# pick guard material



## xuthal (May 15, 2007)

I'm looking for some pick guard material for my acoustic.Are there any canadian dealers with some good prices out there?


----------



## WannabeGood (Oct 24, 2007)

Hey Buck yes there is......................Zellers. Just go to the stationary supply department and get yourself a plastic clipboard. Under $5.00. Perfect. Should be able to get a least 3 pickguards out of that.
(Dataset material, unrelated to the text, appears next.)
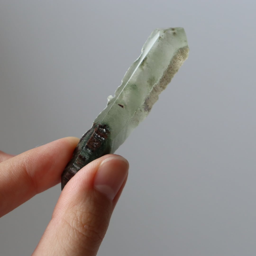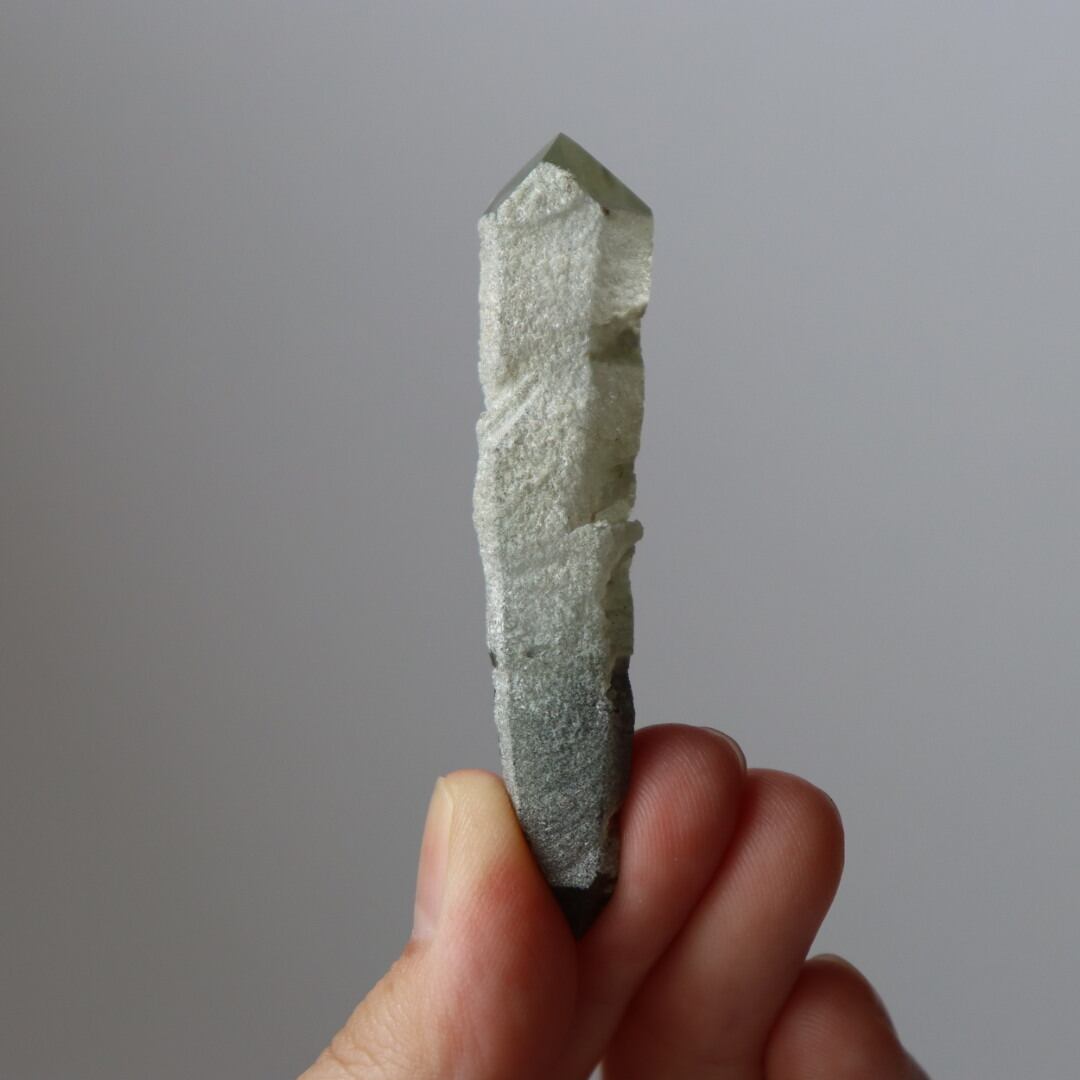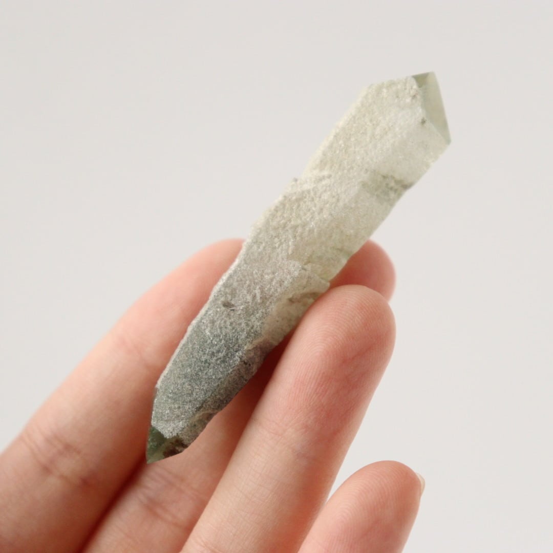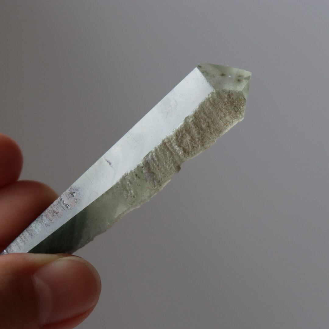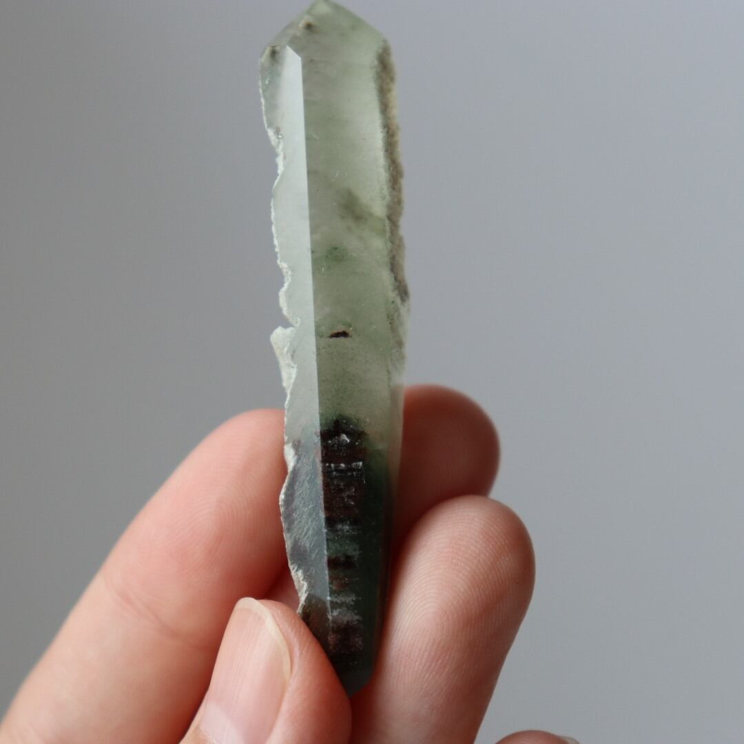 ブラジル・ミナスジェライス州コリント産のクロライトインクォーツ原石ポイント。

Worked for one of my electrics.

Regards,

:food-smiley-004:


----------



## martyb1 (Aug 5, 2007)

What size/color are you looking for?


----------



## xuthal (May 15, 2007)

looking for a red tortoise looking material.Maybe around 5x8.I was going to special order one from yamaha but i want to create one to my own liking.Not to mention it will be over $35 with shipping.


----------



## RAW1 (Oct 15, 2008)

I have bought sheets of pickguard material from Long&Mcquade.They can get any style you want.


----------



## copperhead (May 24, 2006)

maybe right here 
http://stores.ebay.com/bezdez_GUITAR-PARTS_PICKGUARDS_W0QQcolZ4QQdirZ1QQfsubZ4704938QQftidZ2QQtZkm
its in ontario


----------



## Lincoln (Jun 2, 2008)

I get mine from "Grizzly" in Bellingham Washington.......only problem is they don't sell by mail order to Canada. I have a sheet of tortise in stock, let me know if your interested, I can sell you a 5" x 8" piece. 
It's got a lot of red to it, but it's not the real red stuff. Lot of yellow in it too.

Picture is worth 1K words, right??? Guess I better take one.


----------